== Provided data

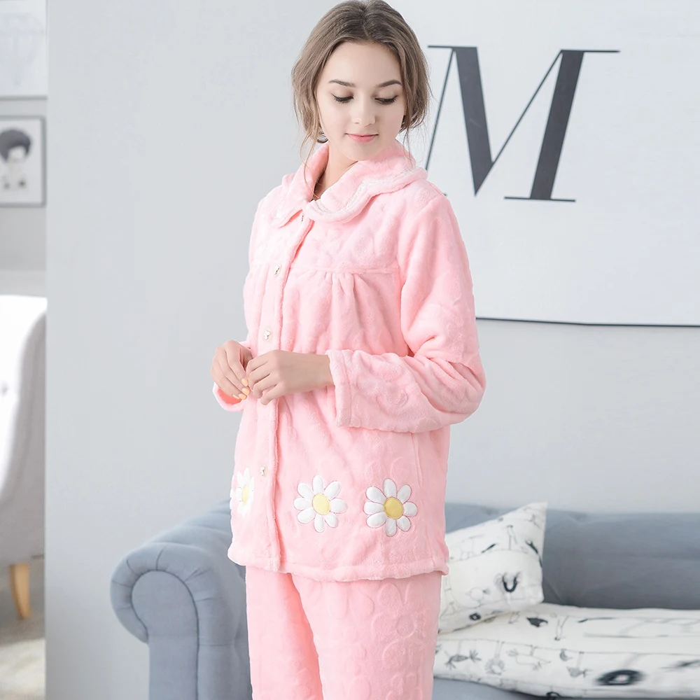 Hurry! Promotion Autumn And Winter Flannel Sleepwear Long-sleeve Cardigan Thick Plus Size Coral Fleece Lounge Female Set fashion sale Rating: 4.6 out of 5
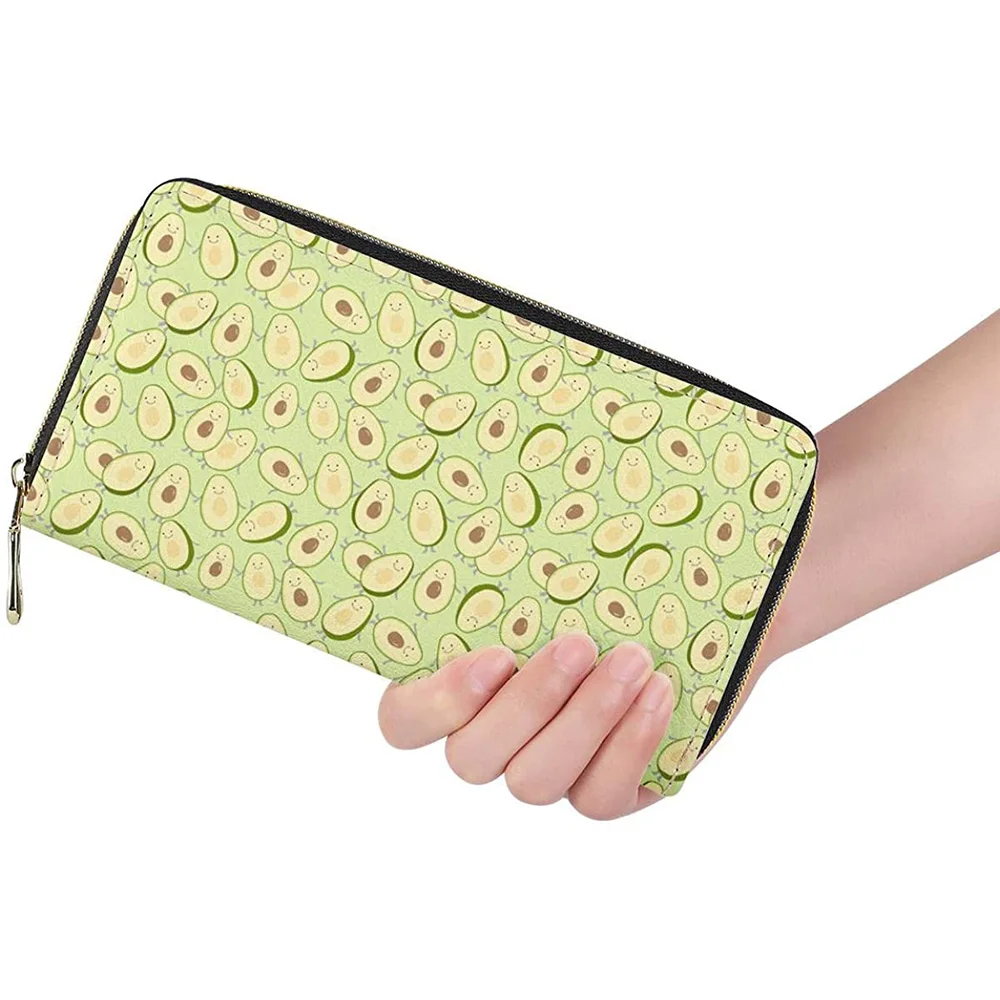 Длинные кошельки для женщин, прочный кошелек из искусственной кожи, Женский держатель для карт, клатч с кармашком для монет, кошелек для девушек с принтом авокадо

====
== Provided data

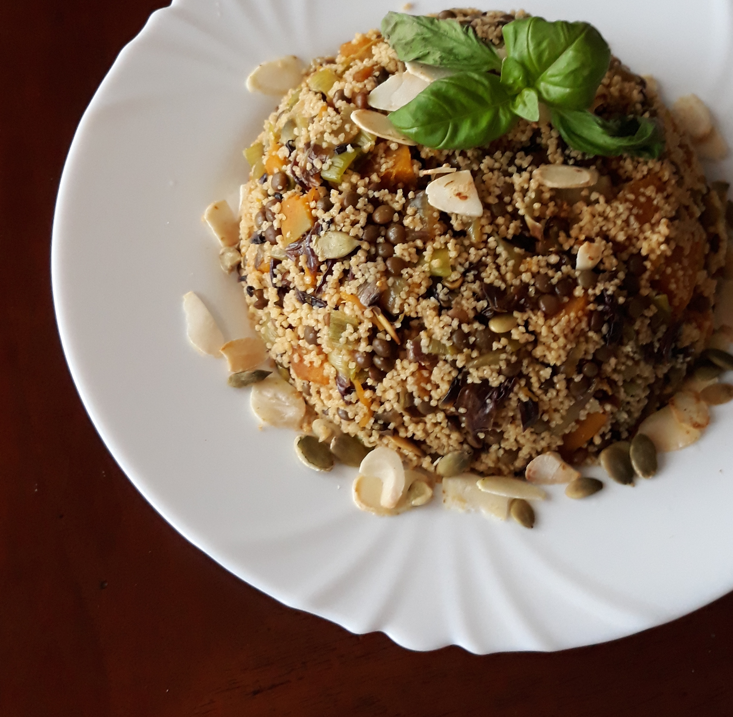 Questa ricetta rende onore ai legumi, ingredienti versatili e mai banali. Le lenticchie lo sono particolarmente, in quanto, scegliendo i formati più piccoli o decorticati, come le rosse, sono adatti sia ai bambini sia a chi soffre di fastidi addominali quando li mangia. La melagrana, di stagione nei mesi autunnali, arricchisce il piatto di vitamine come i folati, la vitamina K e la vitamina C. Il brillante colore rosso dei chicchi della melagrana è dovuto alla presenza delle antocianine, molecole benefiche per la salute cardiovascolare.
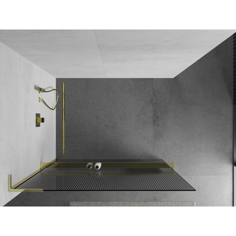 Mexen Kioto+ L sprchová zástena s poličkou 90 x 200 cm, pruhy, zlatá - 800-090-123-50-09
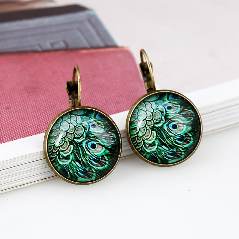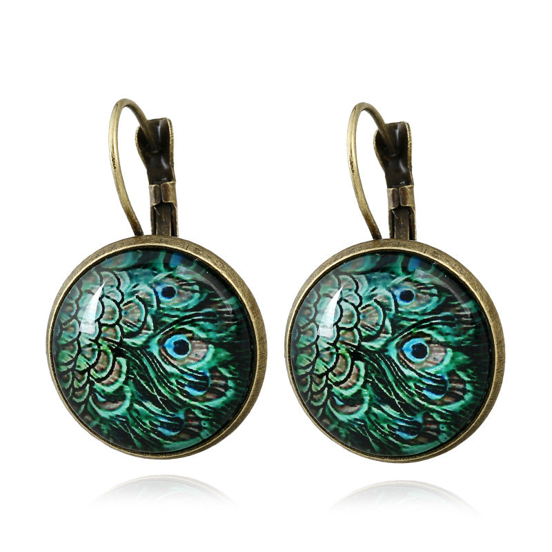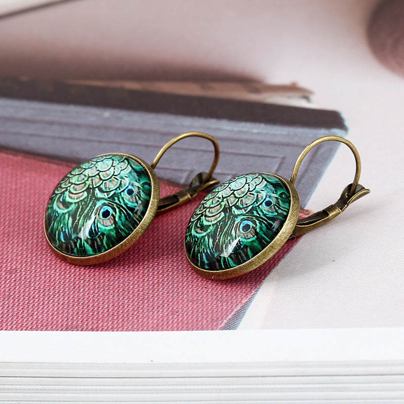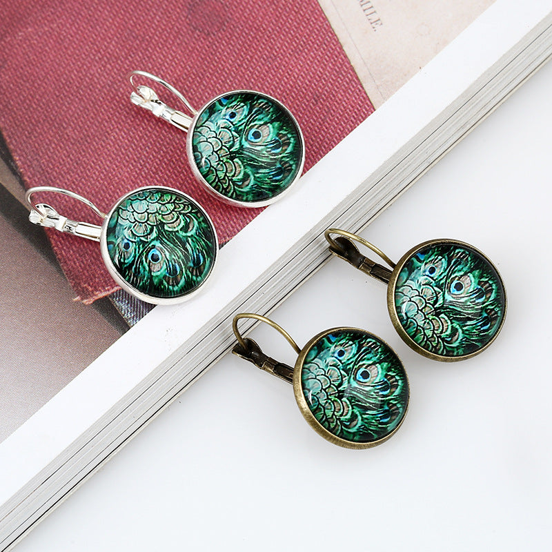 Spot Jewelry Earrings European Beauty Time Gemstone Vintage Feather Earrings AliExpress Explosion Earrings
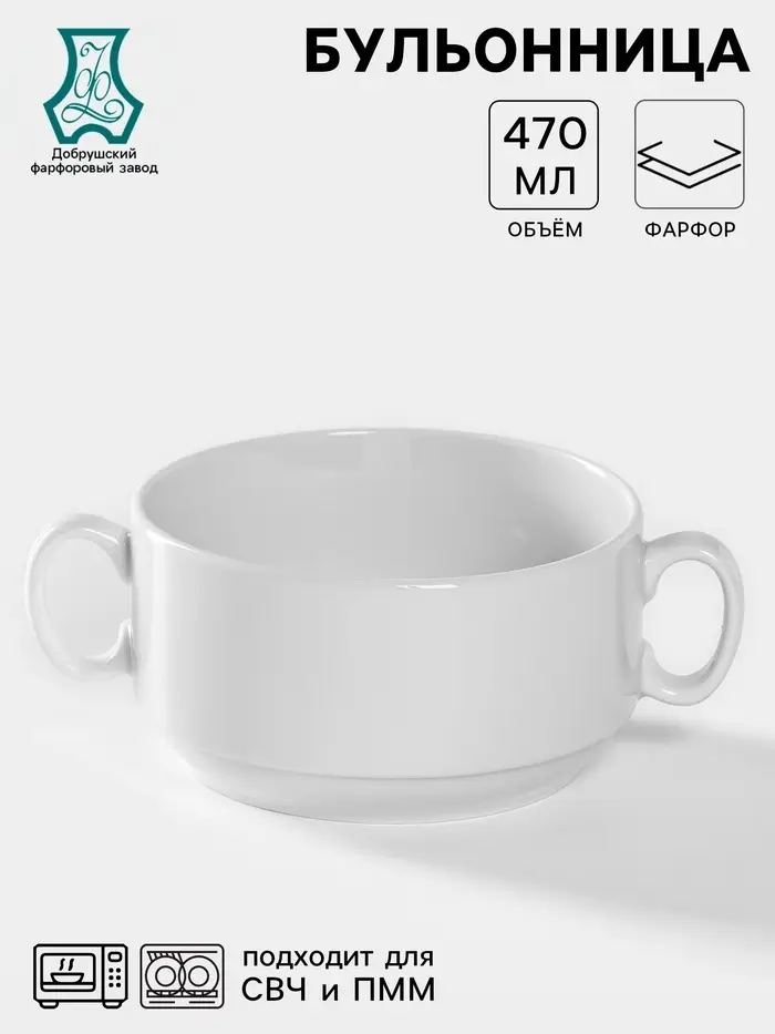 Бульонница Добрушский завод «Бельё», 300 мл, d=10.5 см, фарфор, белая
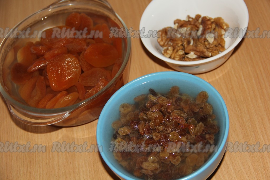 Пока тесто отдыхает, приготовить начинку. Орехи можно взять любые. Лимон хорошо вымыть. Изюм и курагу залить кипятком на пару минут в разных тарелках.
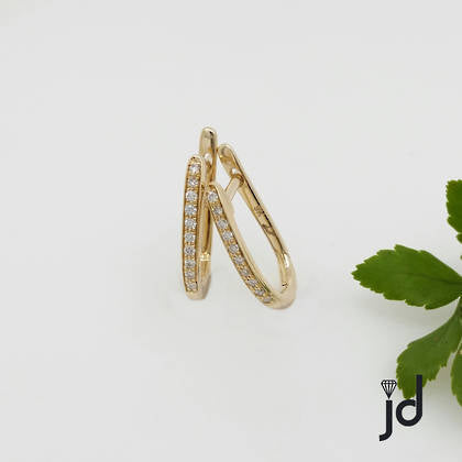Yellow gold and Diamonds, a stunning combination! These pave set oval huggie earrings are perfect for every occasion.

====

**Problem**
Go to the line above that contains "Spot Jewelry Earrings" and reproduce everything exactly from there through the line that contains "Yellow gold and", leaving out the pictures.

**Reply to the task**
 Spot Jewelry Earrings European Beauty Time Gemstone Vintage Feather Earrings AliExpress Explosion Earrings
 Бульонница Добрушский завод «Бельё», 300 мл, d=10.5 см, фарфор, белая
 Пока тесто отдыхает, приготовить начинку. Орехи можно взять любые. Лимон хорошо вымыть. Изюм и курагу залить кипятком на пару минут в разных тарелках.
Yellow gold and Diamonds, a stunning combination! These pave set oval huggie earrings are perfect for every occasion.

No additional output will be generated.